Qlik Sense On-Premises
Users will be able to filter objects based on the stream to which they belong, making it easier to organize and locate relevant content.
MySQL parser
We improved the MySQL parser to support automatic data lineage based on stored procedures and functions. Now, when a stored procedure or function in MySQL dialect (like MySQL or MariaDB) uses statements like INSERT
or UPDATE
to modify data in a table, Dataedo will automatically create data lineage.
Read more details here.
Import process speed improvements
We have made significant improvements to the import process speed. Those improvements were made in scripts that are responsible for loading metadata into the Dataedo repository.
Dashboards improvements
In version 25.1, we’re introducing several improvements to the existing dashboards:
- Links to data sources, databases, reports, and other repository objects
- Data bars for columns with numeric data
- Avatars and more informative tooltips in dashboards that display repository users
Deleting Domains from Dataedo Portal
In previous versions, deleting domains and areas was only possible in the Dataedo Desktop. Our goal is to enhance the Dataedo Portal by adding missing functionalities that were previously available only in the desktop version. From now on, after navigating to a selected domain or area, you can click on the menu under the three dots next to the name and delete a specific domain.

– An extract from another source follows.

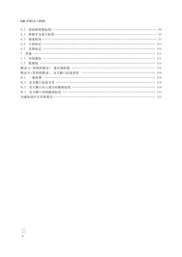 GB 5768的本部分规定了道路交通标线的分类、颜色、形状、字符、图形、尺寸等一般要求,以及设计设置的要求。 本部分适用于公路,城镇道路和虽在单位管辖范围但允许社会机动车通行的地方,包括广场、公共停车场等用于公众通行的场所等的交通标线的制作和设置。其他机动车通行的地方、停车场等设置的交通标线可参照执行。

Agent installer improvements
The Agent is now installed as a standalone .exe file and includes a portable version of the app. The Desktop ZIP file downloaded from https://dataedo.com/download for the Dataedo Desktop portable version now includes the app files directly, removing the extra Dataedo
folder. Previously, the ZIP file contained a directory called Dataedo
, which stored the app files.
Multiple agents can be installed, each requiring a unique encrypted connection string. Users can now specify the installation path during setup for added flexibility.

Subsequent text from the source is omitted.